5 Best Way To Store Apricots Properly – The Right Way

Apricots are a delicious and nutritious summer fruit that can be enjoyed in many different ways. However, if you want to make sure your apricots stay fresh for as long as possible, it’s important to store them properly.

Here are the five best ways to store apricots so they stay fresh and delicious.

Apricots can be stored in the refrigerator, dried, frozen, canned, or kept at room temperature in a cool, dry area.

1. Refrigeration

Store your apricots in the refrigerator by putting them in a plastic bag, squeezing out as much air as you can, and sealing it securely.

Store the bag of apricots in the refrigerator crisper, which is made to keep produce fresh. The cold, damp environment of the drawer will help to preserve the apricots and keep them from becoming dehydrated.

2. Drying

If you have many apricots that you want to keep for a while, drying them is a good option. This method works well if you have a large quantity of apricots.

To dry apricots, cut them into thin slices and arrange the pieces on a dehydrator tray in an even layer.

To make dried apricots, set the dehydrator to 140 degrees Fahrenheit and leave it for a few hours. The apricots should be crisp and chewy when done. Store them in an airtight container at room temperature, and they’ll last for several months.

3. Freezing

To extend the shelf life of apricots, freezing is a great option. Start by washing and slicing them, then place them in a single layer on a parchment paper-lined baking sheet.

To store frozen apricots, wait until they are solid and then place them in a plastic bag or airtight container before returning them to the freezer. Frozen apricots can last for several months.

4. Canning

Apricots can be preserved through canning. This requires sterilizing a jar and lid, filling the container with sliced apricots and either sugar syrup or canning liquid.

To safely can apricots, place the sealed jar in boiling water for the recommended time. Afterwards, remove from heat and let it cool. This will preserve the apricots for several months.

5. Room Temperature

To keep apricots fresh for a shorter period of time, store in a cool and dry area away from any direct sunlight or heat sources. Additionally, make sure that the fruit has enough ventilation to prevent them from getting too hot or moist.
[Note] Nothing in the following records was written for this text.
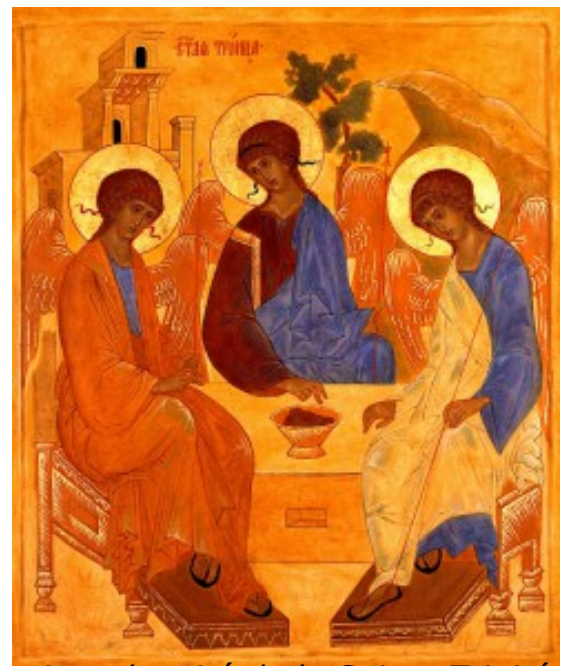
La solennité de la Sainte Trinité janvier 1997: Art Sacré, copie avec variante de l'icône de la sainte Trinité de Andreï Roublev.

Les fidèles doivent se rappeler que la liturgie de la Jérusalem céleste, à laquelle participe réellement la liturgie d'ici-bas, est l'insertion parfaite de l'Église, Épouse et Corps du Christ, dans la vie du Fils, engendré par le Père dans l'Esprit Saint, et refluant vers le Père dans le même Esprit Saint.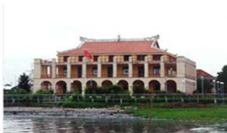
Bến cảng Nhà Rồng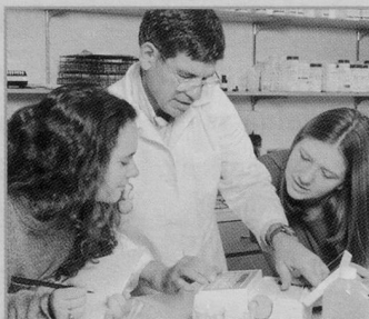
Bereits gehören zahlreiche Betriebe der Oda an.

Mit Blick auf die zukünftigen Anforderungen im Bereich der Ent-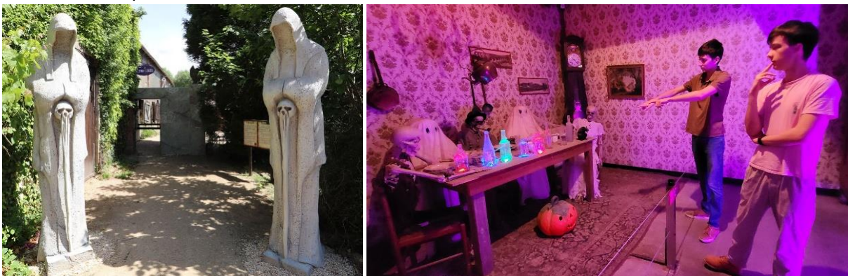
L'entrée de la Maison Hantée à gauche et une des salles d'énigmes de l'escape game à droite

Parmi les autres expériences du parc à découvrir en famille ou entre amis dès le 5 avril, l'escape game de la Maison Hantée , créé en 2019, peut accueillir jusqu'à 350 joueurs par jour. C'est ainsi l'escape game avec la plus grande capacité d'accueil quotidienne en France. Par équipes de 2 joueurs minimum, accessibles dès 10 ans en français comme en anglais, les participants doivent lever la malédiction qui hante l'ancienne maison du jardinier du château. La Maison Hantée peut recevoir jusqu'à 7 personnes toutes les 7 minutes grâce à un système d'automatisation permettant de passer d'une salle d'énigmes à l'autre sans croiser les autres groupes, avec des sas animés entre chaque salle pour une expérience immersive continue. Autre aspect singulier de cet escape game : il n'est pas nécessaire de réserver pour participer. À leur arrivée, les visiteurs se voient attribuer un créneau horaire, garantissant ainsi une disponibilité constante sans besoin de réservation préalable.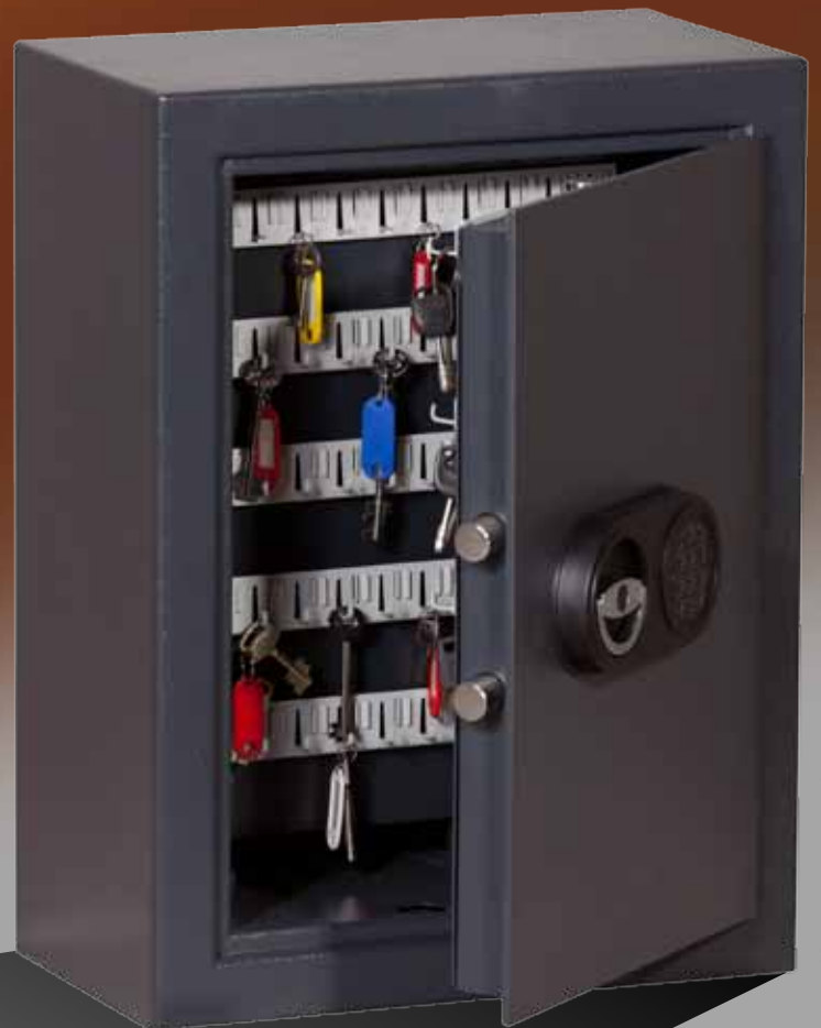
Abb.: STZ 100 mit Sonderausstattung EZ

Store the fruit for a maximum of three days, ensure to look out for signs of spoilage like softness or discoloration.

How Long Do Apricots Last?

Unripe apricots need 1 to 2 days on the counter until they ripen, and once ripe, they will last another 1 to 2 days at room temperature or 3 to 5 days in the fridge.

If you need more time, you can freeze them or make an apricot jam. Sliced apricots last up to 3 to 4 days when refrigerated in a freezer bag or airtight container. However, if the fruit were softish from the get-go, it’d keep decent quality for only a day or two.

When storing apricots, it is important to check them regularly for signs of spoilage such as mold or discoloration. To maximize their shelf life, store them in an airtight container in the refrigerator and use them as soon as possible after purchase.

If you have too many apricots that you won’t be able to eat before they go bad, consider freezing them for later use. With proper storage and handling techniques, you can enjoy fresh apricots for weeks!

How to Tell if an Apricot Is Bad?

To determine if an apricot is bad, look for signs such as excessive softness or mushiness, indicating over-ripeness. Mold on the skin or flesh, as well as mold in the storage container, are also indications of spoilage.

Additionally, if the apricot’s flesh has turned brown, it suggests internal breakdown. When purchasing apricots, inspect them carefully to avoid buying spoiled fruit. Properly store apricots to extend their shelf life and enjoy them fresh for longer.


The best way to store apricots will depend on how quickly you plan to use them and how long you want to preserve them. If you need to store apricots for a short period of time, refrigeration or room-temperature storage are good options. If you want to preserve them for a longer period of time, drying, freezing, or canning are effective methods.